**EXERCISE INSTRUCTIONS**
Set down, word for word, each line from the top of the data through the line that has "Kromě fantastických pohádek, kde"; omit every picture.

**THE RECORDS**

━━━━━━━━

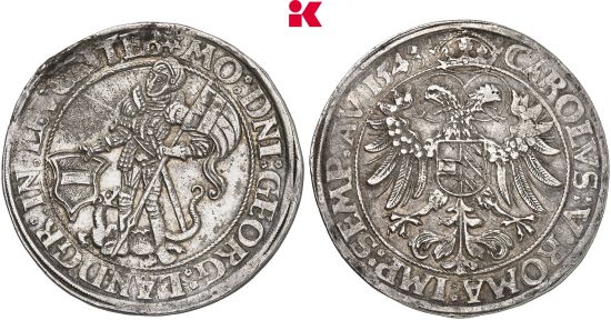 "DEUTSCHE MÜNZEN UND MEDAILLEN · LEUCHTENBERG, LANDGRAFSCHAFT Georg III., 1531-1555. Taler 1543, Pfreimd, mit Titel Karls V. Münzmeister Hans Fuchstaller. Münzzeichen Stern. Doppeladler mit Nimben. St. Georg mit Schild und Fahne steht v. v., unten der lebende Drache//Gekrönter Doppeladler mit Kopfscheinen, auf der Brust zweifeldiges Wappen (Österreich/Burgund). Leicht korrodiert, sehr schön +. (Germany, landgraviate of Leuchtenberg, George III, 1531-55, thaler of 1543, Pfreimd mint, struck in the name of Charles V. Obverse: St. George stands, holding a shield and flag from the front, below, the living dragon; reverse: crowned and nimbate double-headed eagle, on the chest the impaled arms of Austria and Burgundy. Lightly corroded, very fine or better.)"
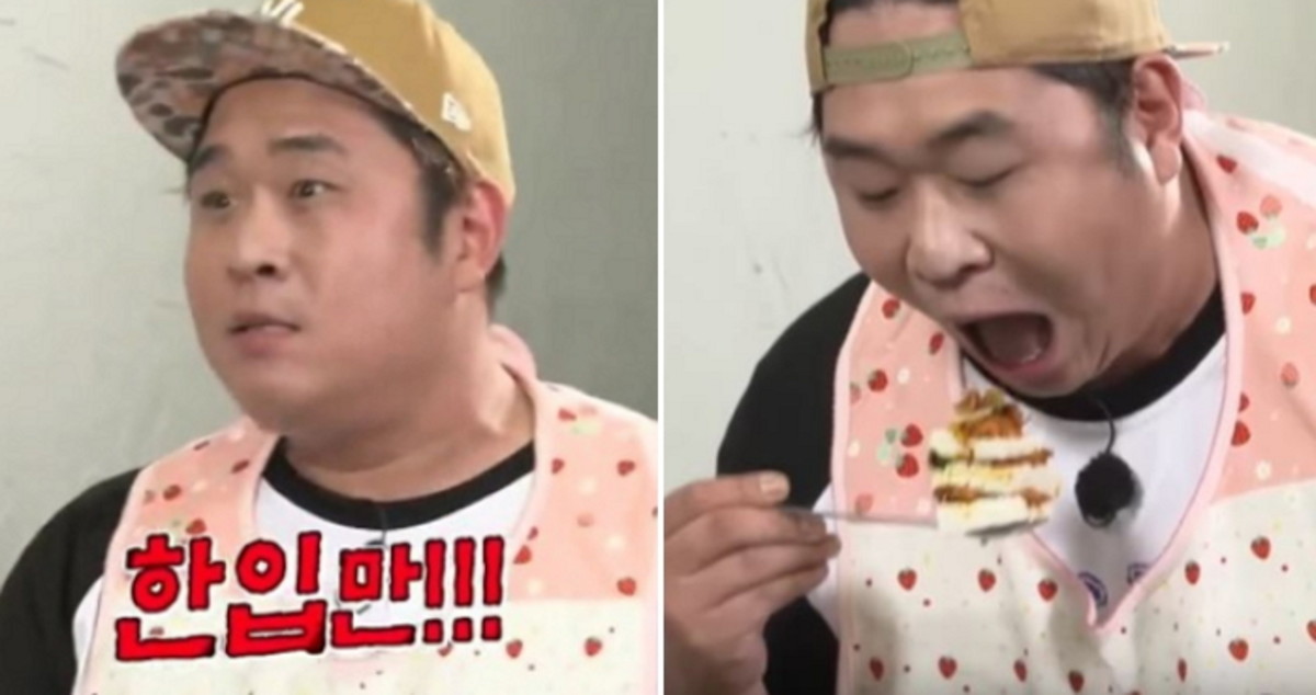 문세윤이 딱 봐도 엄청난 크기의 부산 동래파전을 한입에 쏙 집어넣었다.
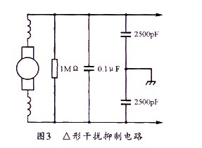 此外,還有一組典型的△形干擾抑制器電路,可同時(shí)抑制對(duì)稱和不對(duì)稱干擾。其具體電路如圖3所示。
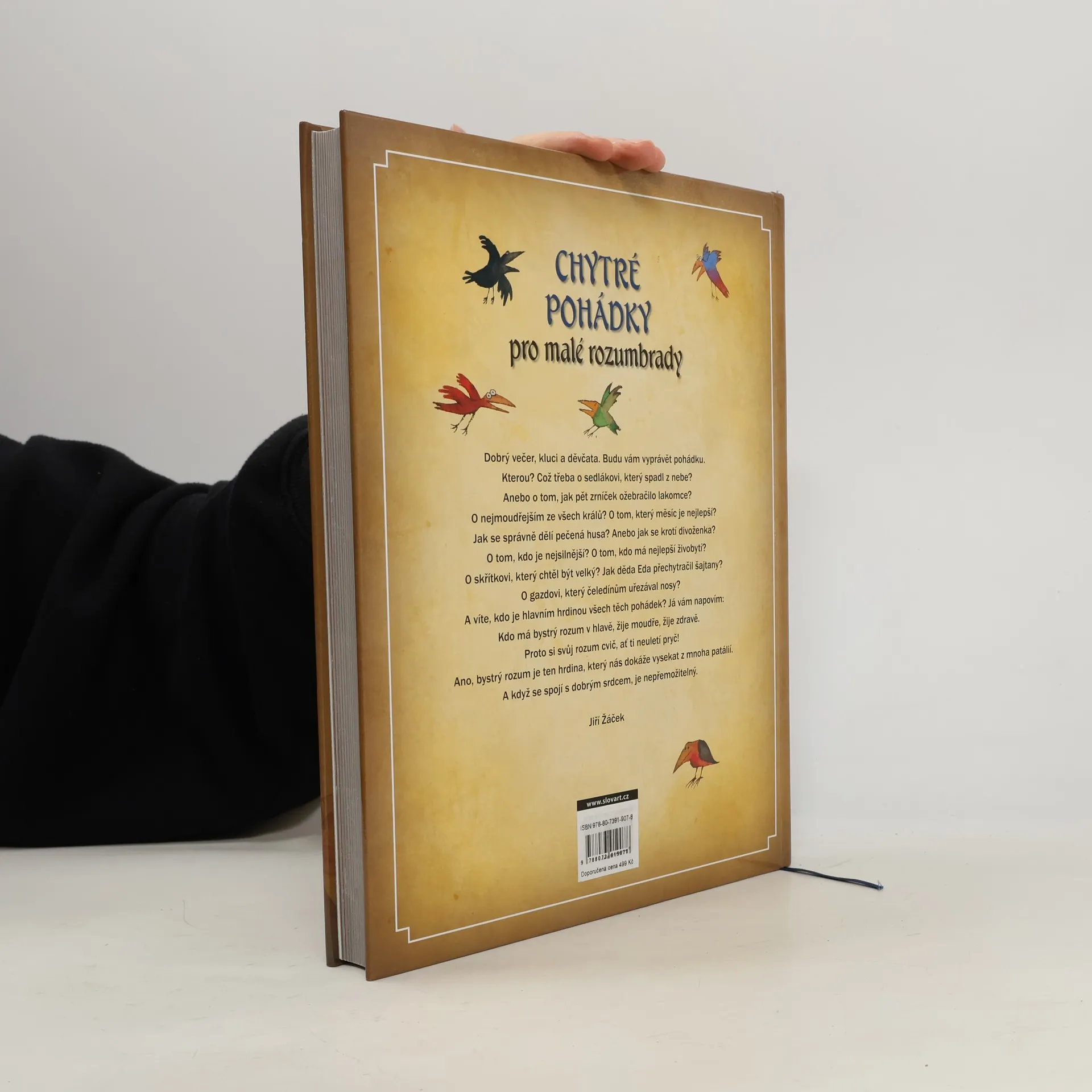 Kromě fantastických pohádek, kde se to hemží nadpřirozenými bytostmi a čaruje se ostošest, existují i pohádky, ve kterých se nevyskytují pohádkové obludy, kde nevítězí mocné kouzlo či hrubá síla, ale navrch má rozum, moudrost a vtip. Hrdiny chytrých pohádek bývají lidé zdánlivě obyčejní, kteří se v životních zkouškách téměř vždy osvědčí jako lidé naopak neobyčejní, moudří a stateční. Posilují naše sebevědomí a připomínají nám, že k vítězství nad lží a nelidskostí nepotřebujeme čaromocný meč ani pohádkového dědečka, stačí mít kuráž, bystrý rozum a dobré srdce. Není to sympatický vzkaz dávných pohádkářů dnešním rozumbradům a rozumbradkám? Kniha chytrých pohádek plných humorných situací a vtipných nápadů je třetí ze série velkých pohádkových sbírek v převyprávění Jiřího Žáčka a s ilustracemi Adolfa Borna.
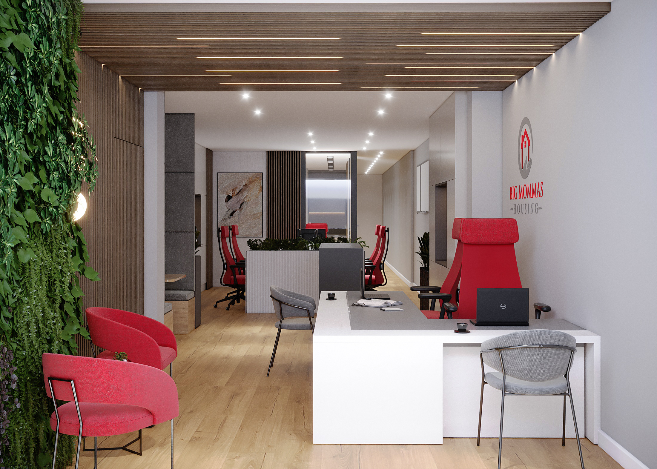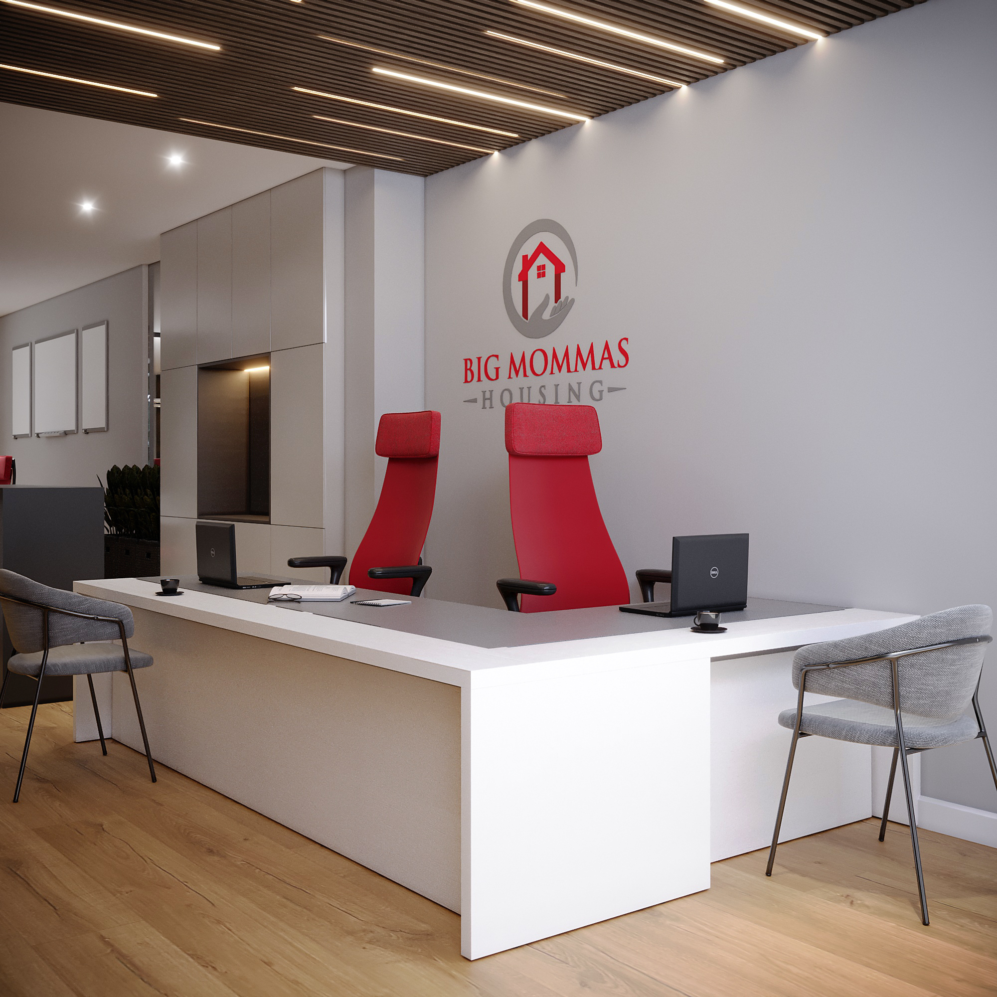 Branded Reception: The main desk area features a clean, white U-shaped desk, high-back red executive chairs, and prominent company logo placement for a professional, focused workspace.
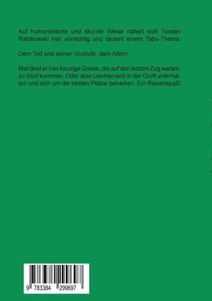 Dieses Buch ist eine Sammlung humorvoller Gedichte über den "Tod" und über das "Alt-Sein". Das Wissen um die eigene Endlichkeit macht den Tod zu unserem ständigen Begleiter.im Leben. Daran kann man natürlich nichts ändern. Doch sollten wir uns davon nicht die 'Petersilie verhageln' lassen und ihm lieber mit einer guten Portion Fatalismus, Spaß und besonders mit viel Humor, gern auch mit schwarzem Humor, begegnen!Auch das Altern und das Alt-Sein muss uns nicht die Laune und den Spaß am Leben nehmen, wie die 'Greise' uns in den skurrilen Geschichten und Erlebnissen der zeigen.
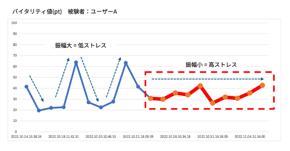 「Heart Voice」で計測した「バイタリティ値」の結果。低ストレス状態にあるときは、「バイタリティ値」の上下の変動幅が大きい。逆に、高ストレス状態にあるときは、「バイタリティ値」の変動幅が小さくなる傾向がある。
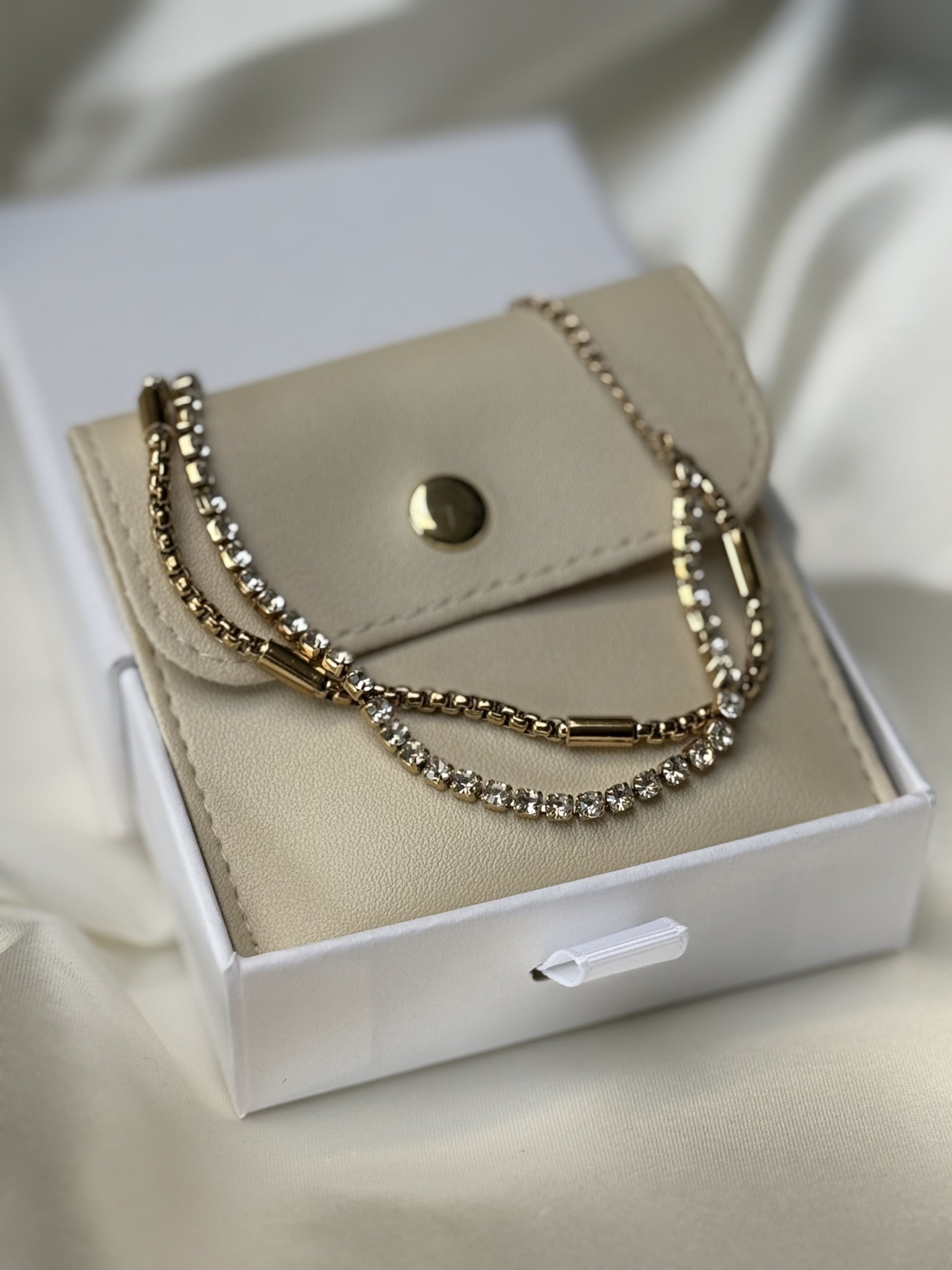 Our Saffron Bracelet pushes boundaries with its fearless dual design. One side showcases a glittering cubic zirconia tennis bracelet that catches every light, while the other features a sleek gold-plated chain. Wear it bold—mix the sparkle with understated elegance, or flip it to match your mood. A statement piece that refuses to play it safe.
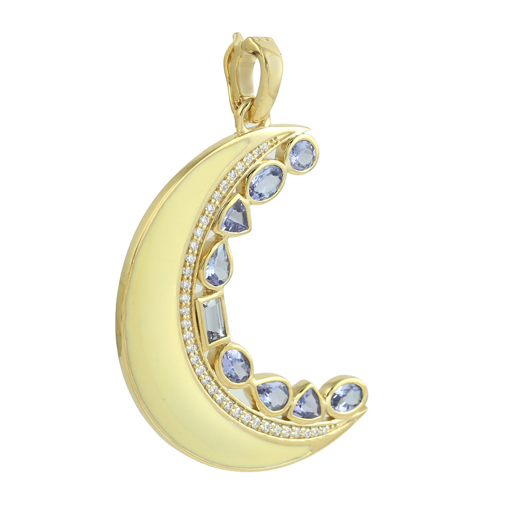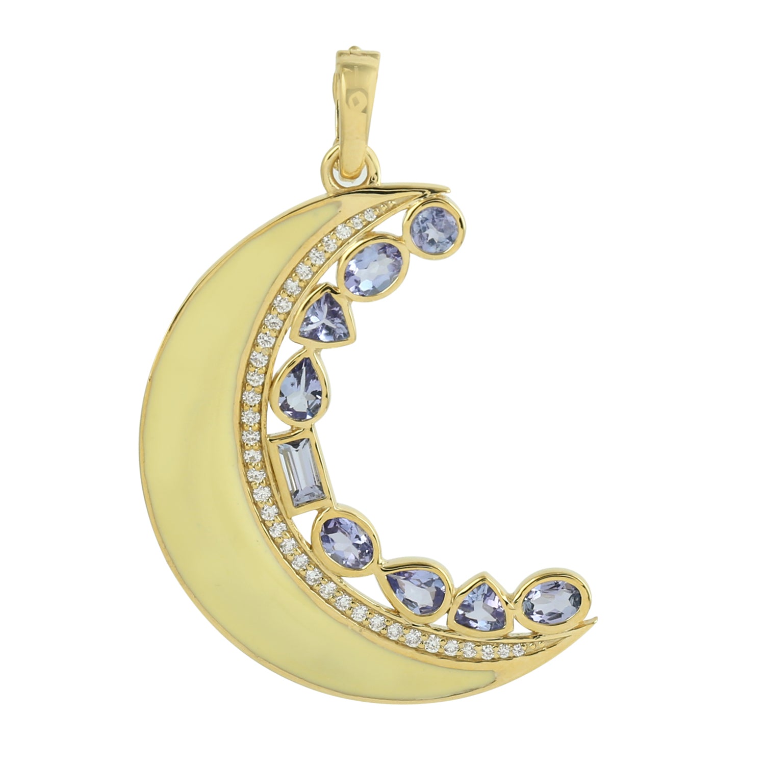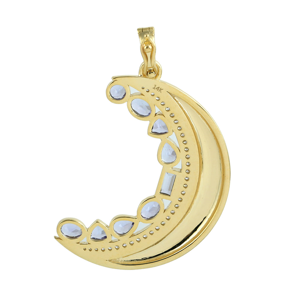 Micro Pave Diamond Bezel Set Tanzanite in 14k Yellow Gold Crescent Moon Pendant

━━━━━━━━

**REPLY TO THE EXERCISE**
 "DEUTSCHE MÜNZEN UND MEDAILLEN · LEUCHTENBERG, LANDGRAFSCHAFT Georg III., 1531-1555. Taler 1543, Pfreimd, mit Titel Karls V. Münzmeister Hans Fuchstaller. Münzzeichen Stern. Doppeladler mit Nimben. St. Georg mit Schild und Fahne steht v. v., unten der lebende Drache//Gekrönter Doppeladler mit Kopfscheinen, auf der Brust zweifeldiges Wappen (Österreich/Burgund). Leicht korrodiert, sehr schön +. (Germany, landgraviate of Leuchtenberg, George III, 1531-55, thaler of 1543, Pfreimd mint, struck in the name of Charles V. Obverse: St. George stands, holding a shield and flag from the front, below, the living dragon; reverse: crowned and nimbate double-headed eagle, on the chest the impaled arms of Austria and Burgundy. Lightly corroded, very fine or better.)"
 문세윤이 딱 봐도 엄청난 크기의 부산 동래파전을 한입에 쏙 집어넣었다.
 此外,還有一組典型的△形干擾抑制器電路,可同時(shí)抑制對(duì)稱和不對(duì)稱干擾。其具體電路如圖3所示。
 Kromě fantastických pohádek, kde se to hemží nadpřirozenými bytostmi a čaruje se ostošest, existují i pohádky, ve kterých se nevyskytují pohádkové obludy, kde nevítězí mocné kouzlo či hrubá síla, ale navrch má rozum, moudrost a vtip. Hrdiny chytrých pohádek bývají lidé zdánlivě obyčejní, kteří se v životních zkouškách téměř vždy osvědčí jako lidé naopak neobyčejní, moudří a stateční. Posilují naše sebevědomí a připomínají nám, že k vítězství nad lží a nelidskostí nepotřebujeme čaromocný meč ani pohádkového dědečka, stačí mít kuráž, bystrý rozum a dobré srdce. Není to sympatický vzkaz dávných pohádkářů dnešním rozumbradům a rozumbradkám? Kniha chytrých pohádek plných humorných situací a vtipných nápadů je třetí ze série velkých pohádkových sbírek v převyprávění Jiřího Žáčka a s ilustracemi Adolfa Borna.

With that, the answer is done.